In Grand Junction, Ms. Haller admits that options are often limited—even for families using the Next Step vouchers. Historically, the city has had a vacancy rate of less than 3 percent.
“Families are taking whatever they can get,” Ms. Haller said, noting that nearly half the district’s students live at or below the federal poverty rate. “It’s not going to be about making educational decisions before [families] move.”
She added, “After they are settled, we look at where are their needs best met.”
Most education and housing officials go through a similar balancing act with families, according to Diana Bowman, the director of the National Center for Homeless Education at the University of North Carolina at Greensboro. The McKinney-Vento Homeless Assistance Act, part of the federal No Child Left Behind law, encourages districts to keep homeless and highly mobile students in their original schools as often as possible, even if a school in another area might be considered academically superior.
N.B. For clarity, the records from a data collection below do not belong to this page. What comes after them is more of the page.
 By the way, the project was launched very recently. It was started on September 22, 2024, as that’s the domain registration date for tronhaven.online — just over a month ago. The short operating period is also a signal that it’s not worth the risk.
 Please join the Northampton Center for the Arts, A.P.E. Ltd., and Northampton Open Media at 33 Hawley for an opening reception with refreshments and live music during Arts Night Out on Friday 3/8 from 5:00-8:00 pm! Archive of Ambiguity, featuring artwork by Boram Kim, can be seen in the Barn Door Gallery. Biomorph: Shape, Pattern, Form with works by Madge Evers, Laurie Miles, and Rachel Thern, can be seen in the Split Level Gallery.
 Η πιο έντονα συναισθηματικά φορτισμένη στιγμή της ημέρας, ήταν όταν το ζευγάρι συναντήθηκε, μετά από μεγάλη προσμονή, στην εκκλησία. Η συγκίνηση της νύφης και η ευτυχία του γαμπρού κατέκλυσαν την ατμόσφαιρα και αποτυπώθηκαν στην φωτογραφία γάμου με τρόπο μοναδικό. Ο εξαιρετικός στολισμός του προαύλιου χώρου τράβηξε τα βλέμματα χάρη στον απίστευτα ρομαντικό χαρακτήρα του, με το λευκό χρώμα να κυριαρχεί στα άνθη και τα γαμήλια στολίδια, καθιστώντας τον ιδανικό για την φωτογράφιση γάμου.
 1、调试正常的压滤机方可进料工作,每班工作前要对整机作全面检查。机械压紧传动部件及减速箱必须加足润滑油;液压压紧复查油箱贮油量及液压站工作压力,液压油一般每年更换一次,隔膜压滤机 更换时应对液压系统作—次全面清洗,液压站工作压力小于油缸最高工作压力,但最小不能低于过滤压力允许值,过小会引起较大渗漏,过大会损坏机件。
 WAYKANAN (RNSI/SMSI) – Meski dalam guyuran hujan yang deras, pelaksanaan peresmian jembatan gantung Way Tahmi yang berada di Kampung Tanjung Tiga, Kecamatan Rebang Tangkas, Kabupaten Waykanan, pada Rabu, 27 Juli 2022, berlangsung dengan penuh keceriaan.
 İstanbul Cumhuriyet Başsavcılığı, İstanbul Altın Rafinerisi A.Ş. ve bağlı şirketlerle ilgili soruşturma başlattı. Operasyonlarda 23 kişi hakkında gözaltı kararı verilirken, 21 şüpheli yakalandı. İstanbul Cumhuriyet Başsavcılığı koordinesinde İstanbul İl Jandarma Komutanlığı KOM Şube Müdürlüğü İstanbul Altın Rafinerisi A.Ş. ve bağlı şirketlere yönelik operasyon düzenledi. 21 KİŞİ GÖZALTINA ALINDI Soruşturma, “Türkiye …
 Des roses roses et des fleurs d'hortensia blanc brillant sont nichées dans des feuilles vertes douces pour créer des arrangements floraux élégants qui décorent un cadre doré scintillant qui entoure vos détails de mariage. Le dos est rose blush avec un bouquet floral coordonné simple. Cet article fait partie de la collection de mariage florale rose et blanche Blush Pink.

“It’s not so much the conversation centering on can you send your child to a better school, but can we make your schooling more stable for your child,” Ms. Bowman said.
“It’s a tough call because we know sometimes the loss of stability is more than the educational disruption but also the loss of the peer group and the loss of adults who know the child,” she said.
Other Efforts
Some local housing programs, such as one in Montgomery County, Md., have had greater success improving students’ access to high-quality schools by requiring all housing developments of 50 units or more to dedicate 15 percent of those units to affordable housing.
A 2010 study conducted by Heather L. Schwartz, a policy researcher at the Santa Monica, Calif.-based research group rand Corp., and published by the Century Foundation, tracked 850 children randomly assigned to these homes in Montgomery County, one of the wealthiest school districts in the country.
That study that found poor students who lived in and attended schools in higher-wealth neighborhoods performed higher in both mathematics and reading on standardized tests than similar students, also in subsidized housing, who attended schools with 20 percent or more disadvantaged students. Still, this sort of integrated housing does not produce enough homes for all families on housing assistance in most areas.
Mr. Kahlenberg argued that districts can take the lead in integrating housing by opening their enrollment to districtwide, as opposed to zoned, student-assignment policies.
“Many middle-class families chose to locate to an area based on the promise that their kids could go to high-quality, middle-class schools,” Mr. Kahlenberg said. “Once you break the automatic tie between a residential area and a particular school, people are more willing to live in integrated neighborhoods. In school districts that have public school choice options, housing tends to be less segregated"—an assertion echoed by some studies.